Problem statement »
Everything in the records below from the line containing "Snapshot Logs. |" through the line containing "West Herr Auto" is to be reproduced exactly, those two lines included; no picture is to be copied.

━━ Material provided

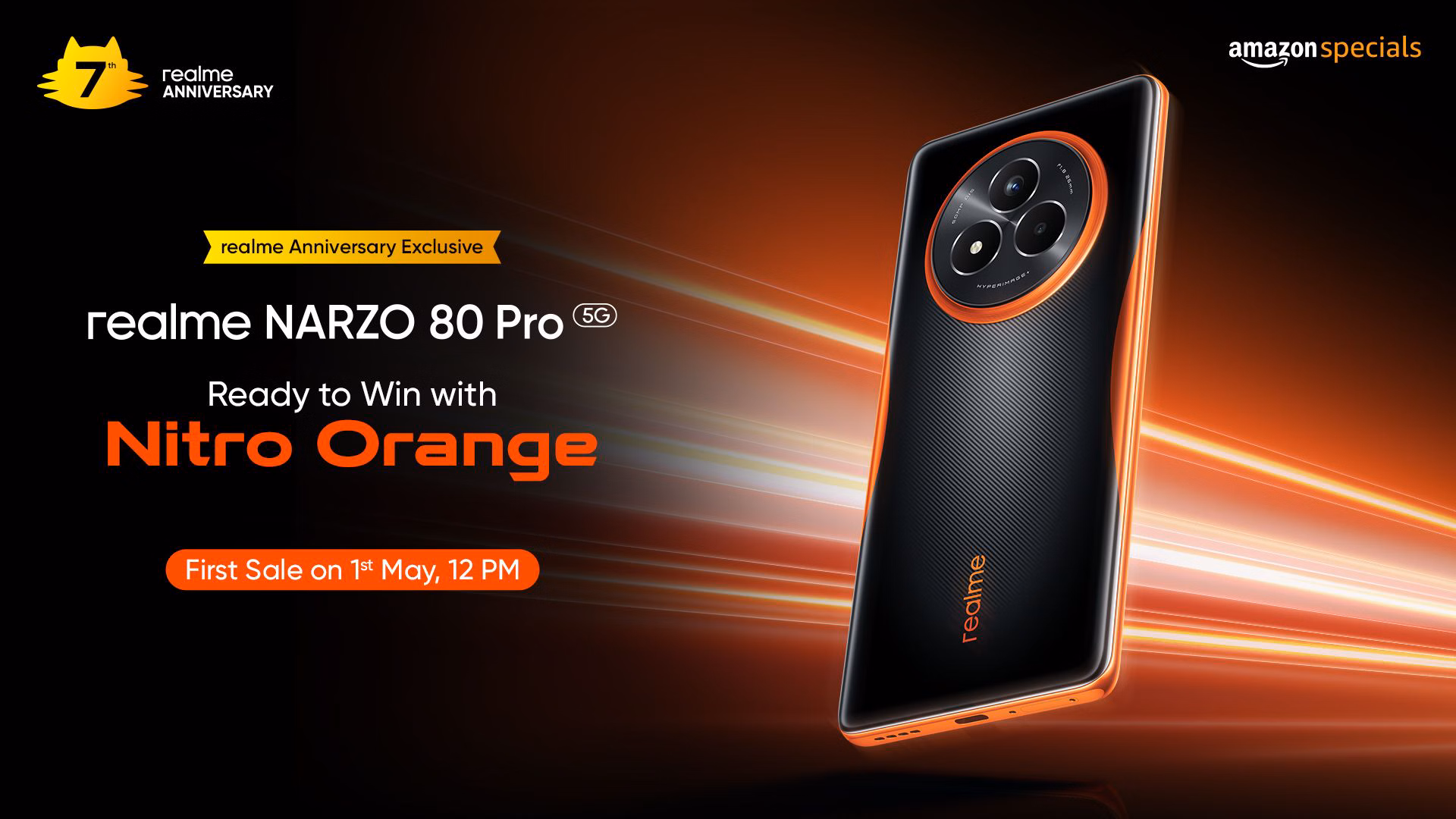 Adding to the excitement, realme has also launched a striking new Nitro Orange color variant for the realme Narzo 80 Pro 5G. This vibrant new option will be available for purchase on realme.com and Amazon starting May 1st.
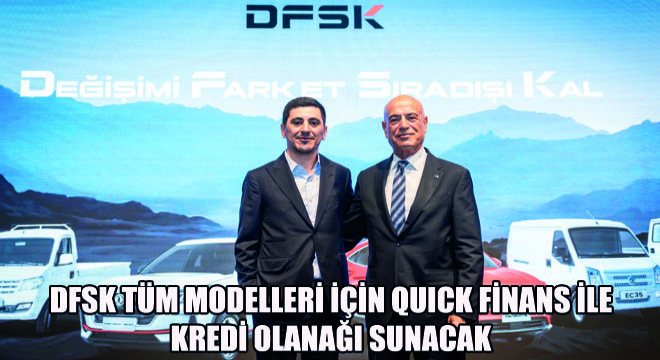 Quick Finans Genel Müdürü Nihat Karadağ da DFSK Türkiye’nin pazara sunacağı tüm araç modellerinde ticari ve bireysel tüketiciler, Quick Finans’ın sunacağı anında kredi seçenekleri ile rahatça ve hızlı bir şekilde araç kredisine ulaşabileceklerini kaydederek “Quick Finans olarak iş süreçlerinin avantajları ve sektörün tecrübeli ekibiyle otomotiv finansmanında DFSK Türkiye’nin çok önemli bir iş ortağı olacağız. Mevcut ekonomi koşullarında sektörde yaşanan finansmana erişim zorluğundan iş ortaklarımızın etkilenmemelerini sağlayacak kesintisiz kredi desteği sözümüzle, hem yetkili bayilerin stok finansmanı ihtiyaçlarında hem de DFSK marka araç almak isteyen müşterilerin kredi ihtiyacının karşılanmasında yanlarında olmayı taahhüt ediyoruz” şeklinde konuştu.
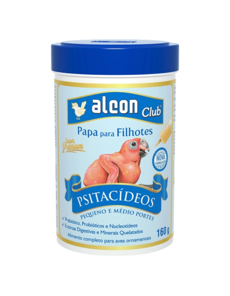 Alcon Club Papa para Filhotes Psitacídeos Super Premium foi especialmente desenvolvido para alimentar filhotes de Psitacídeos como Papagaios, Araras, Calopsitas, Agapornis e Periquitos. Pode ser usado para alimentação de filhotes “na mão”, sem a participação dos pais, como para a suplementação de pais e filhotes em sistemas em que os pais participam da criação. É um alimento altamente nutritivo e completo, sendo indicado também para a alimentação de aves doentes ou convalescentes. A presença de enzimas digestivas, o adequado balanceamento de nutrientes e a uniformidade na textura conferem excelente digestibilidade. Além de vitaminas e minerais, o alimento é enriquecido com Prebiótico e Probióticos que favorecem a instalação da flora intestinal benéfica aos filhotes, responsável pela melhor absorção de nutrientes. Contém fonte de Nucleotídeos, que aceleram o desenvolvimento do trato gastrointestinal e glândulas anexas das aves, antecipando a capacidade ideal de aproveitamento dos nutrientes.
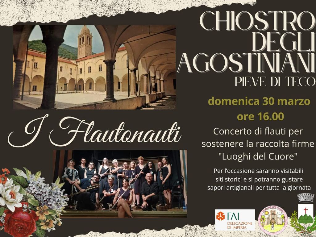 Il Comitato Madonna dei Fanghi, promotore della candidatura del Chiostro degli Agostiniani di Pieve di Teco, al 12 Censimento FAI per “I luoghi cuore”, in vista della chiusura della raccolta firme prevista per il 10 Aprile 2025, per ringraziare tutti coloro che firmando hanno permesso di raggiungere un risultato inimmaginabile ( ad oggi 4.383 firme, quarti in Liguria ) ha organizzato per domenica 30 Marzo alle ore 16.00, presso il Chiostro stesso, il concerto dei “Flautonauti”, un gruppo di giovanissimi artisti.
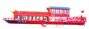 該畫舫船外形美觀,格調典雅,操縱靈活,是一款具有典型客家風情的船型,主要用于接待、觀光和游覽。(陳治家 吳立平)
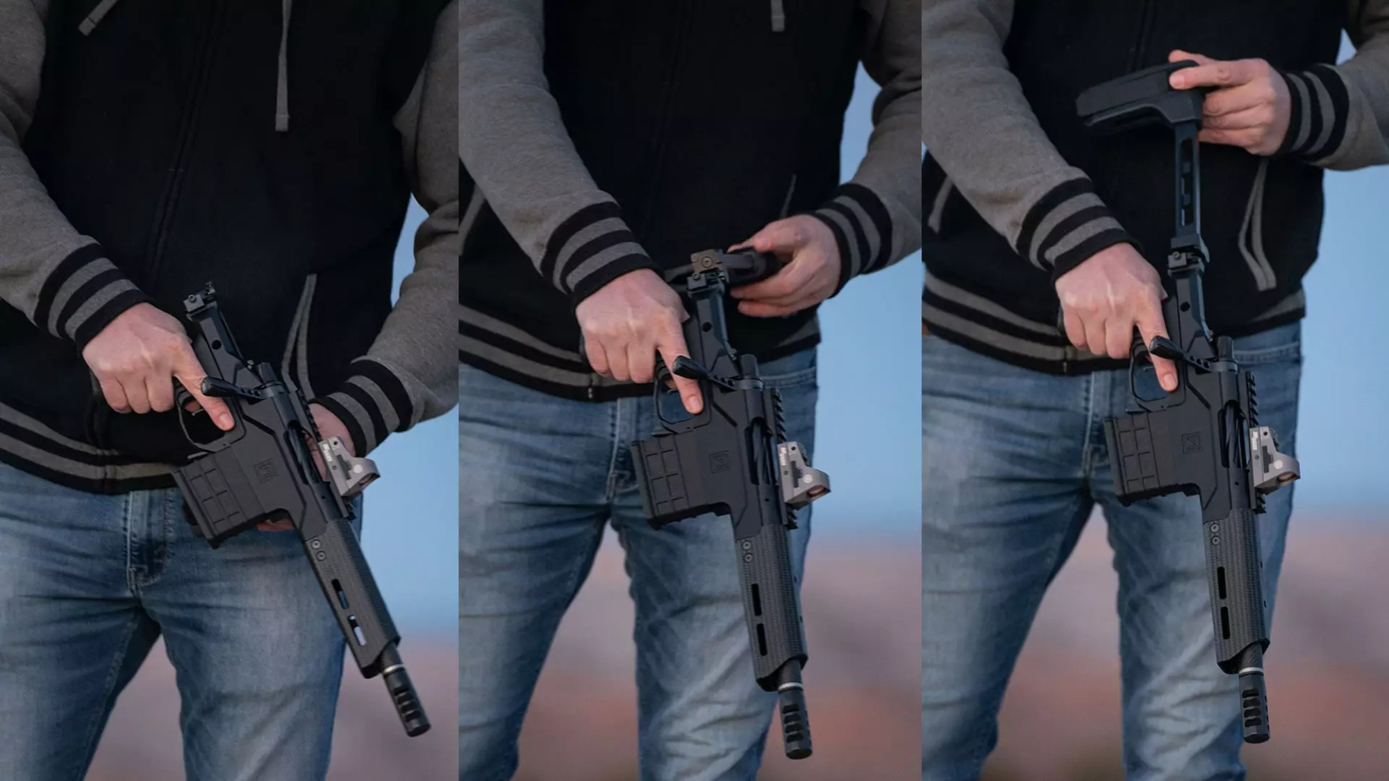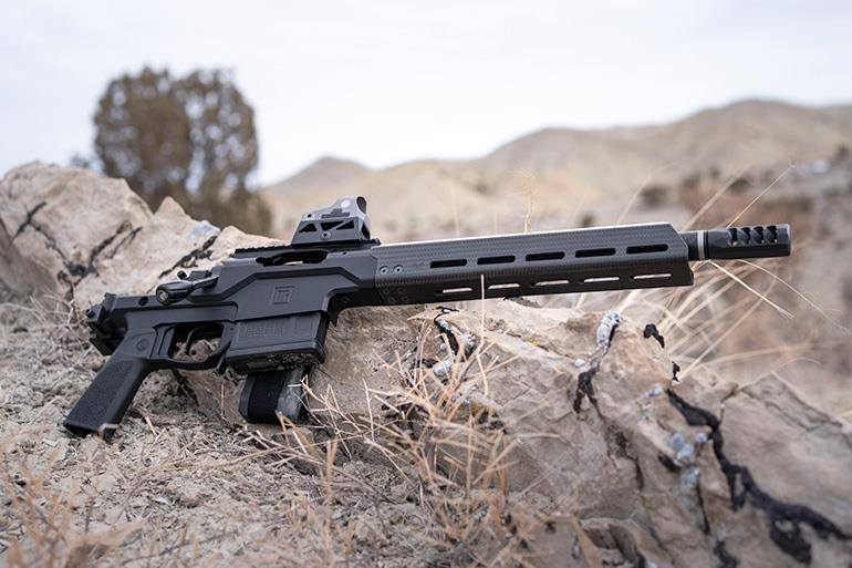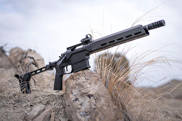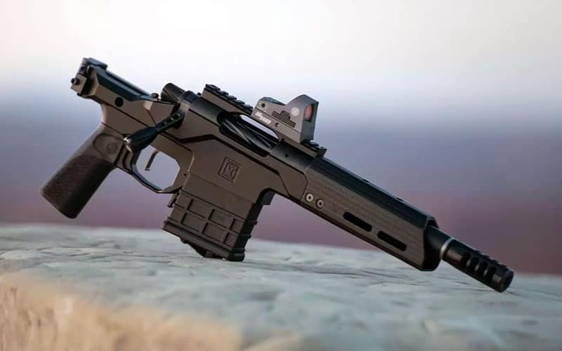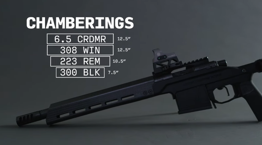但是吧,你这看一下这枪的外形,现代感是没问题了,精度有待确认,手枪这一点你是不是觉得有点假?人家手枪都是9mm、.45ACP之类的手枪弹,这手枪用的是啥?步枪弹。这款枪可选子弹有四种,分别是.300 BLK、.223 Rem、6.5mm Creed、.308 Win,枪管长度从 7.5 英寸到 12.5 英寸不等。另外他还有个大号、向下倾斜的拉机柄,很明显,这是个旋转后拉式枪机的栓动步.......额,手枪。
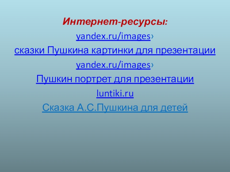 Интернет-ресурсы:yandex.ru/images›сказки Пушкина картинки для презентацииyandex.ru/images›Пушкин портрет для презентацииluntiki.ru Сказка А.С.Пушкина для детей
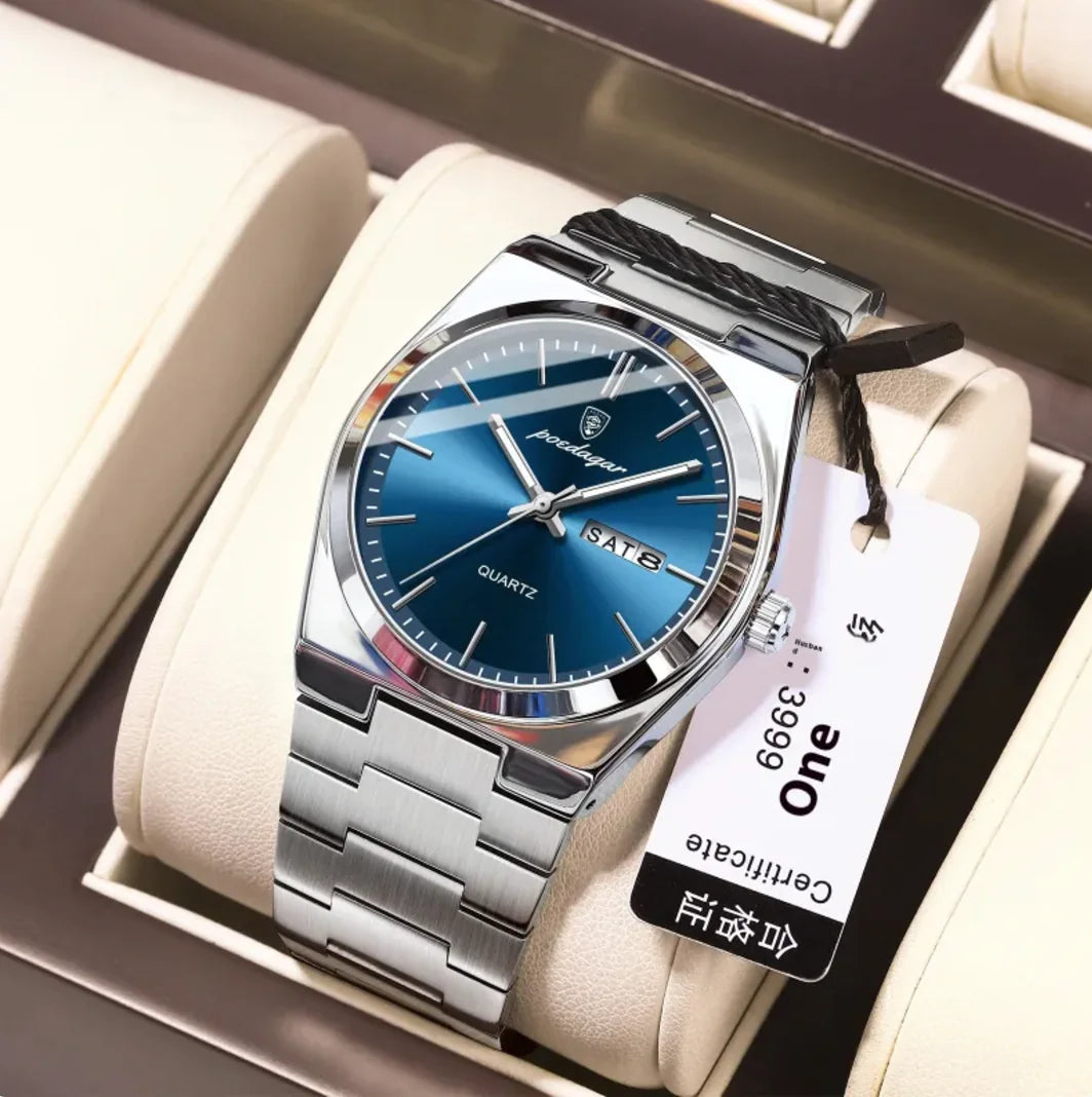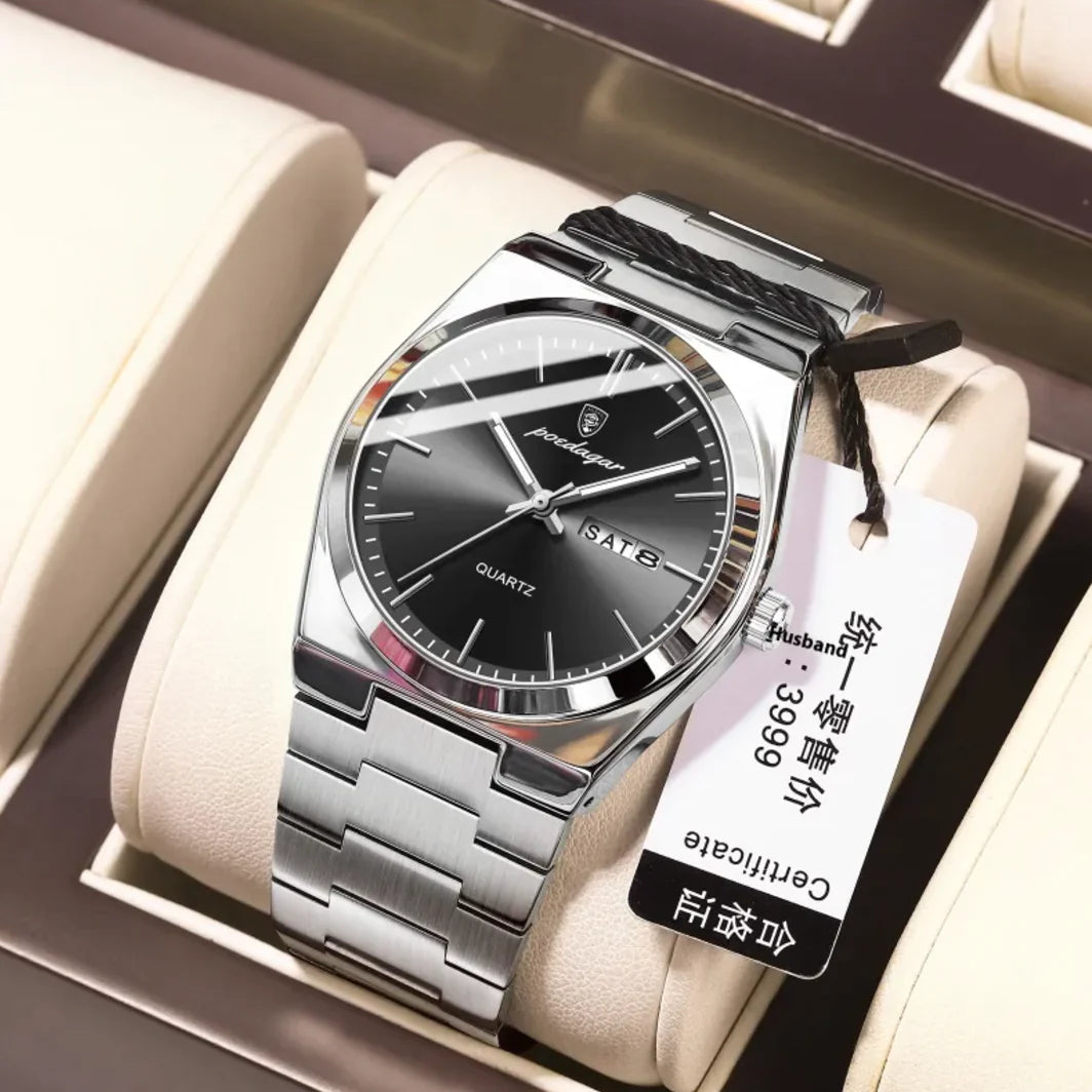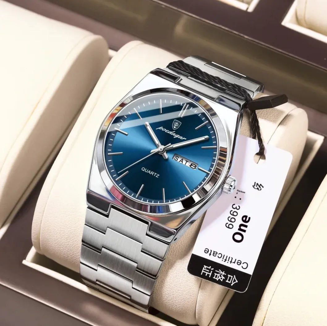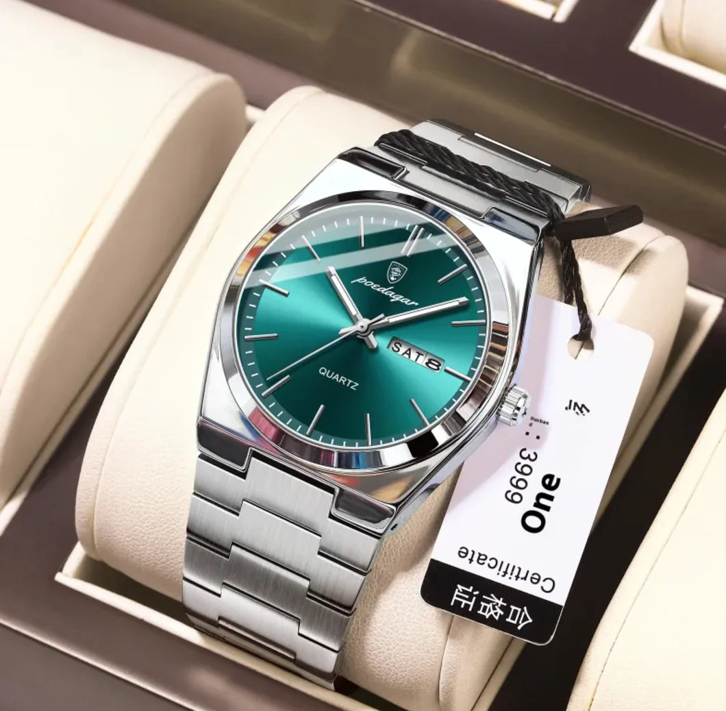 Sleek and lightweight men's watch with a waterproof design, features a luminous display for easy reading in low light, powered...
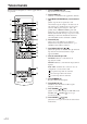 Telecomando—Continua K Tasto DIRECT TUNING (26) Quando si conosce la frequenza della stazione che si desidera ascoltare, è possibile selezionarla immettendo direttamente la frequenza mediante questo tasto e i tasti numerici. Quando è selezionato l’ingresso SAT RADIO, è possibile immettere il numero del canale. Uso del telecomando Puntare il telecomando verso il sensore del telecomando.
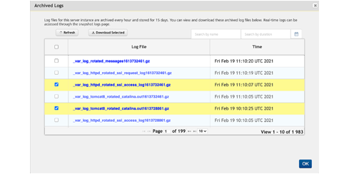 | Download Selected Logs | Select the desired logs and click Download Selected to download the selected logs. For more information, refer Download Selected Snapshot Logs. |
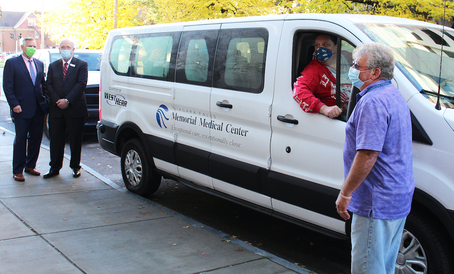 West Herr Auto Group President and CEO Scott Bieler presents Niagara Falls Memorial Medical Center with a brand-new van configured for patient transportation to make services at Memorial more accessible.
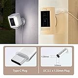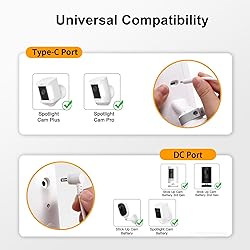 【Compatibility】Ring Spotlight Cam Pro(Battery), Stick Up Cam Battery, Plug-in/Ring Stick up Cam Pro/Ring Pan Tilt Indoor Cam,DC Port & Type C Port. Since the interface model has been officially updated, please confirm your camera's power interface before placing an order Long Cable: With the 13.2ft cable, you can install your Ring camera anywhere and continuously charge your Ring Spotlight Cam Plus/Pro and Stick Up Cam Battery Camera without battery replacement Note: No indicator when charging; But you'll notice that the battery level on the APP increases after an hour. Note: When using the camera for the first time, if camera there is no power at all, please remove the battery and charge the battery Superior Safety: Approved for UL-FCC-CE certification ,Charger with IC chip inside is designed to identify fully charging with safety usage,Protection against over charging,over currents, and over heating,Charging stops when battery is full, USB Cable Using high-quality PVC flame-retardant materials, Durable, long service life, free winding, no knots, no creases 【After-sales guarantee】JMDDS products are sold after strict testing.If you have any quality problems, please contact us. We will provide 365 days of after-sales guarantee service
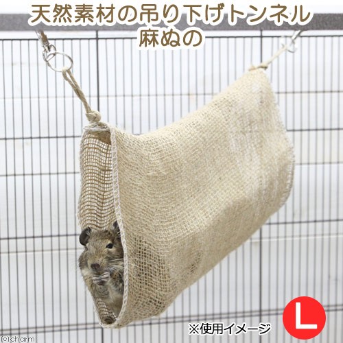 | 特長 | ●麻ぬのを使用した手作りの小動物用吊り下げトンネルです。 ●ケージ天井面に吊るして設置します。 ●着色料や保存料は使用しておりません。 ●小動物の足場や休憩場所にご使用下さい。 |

━━━━

Solution for this exercise »
 | Download Selected Logs | Select the desired logs and click Download Selected to download the selected logs. For more information, refer Download Selected Snapshot Logs. |
 West Herr Auto Group President and CEO Scott Bieler presents Niagara Falls Memorial Medical Center with a brand-new van configured for patient transportation to make services at Memorial more accessible.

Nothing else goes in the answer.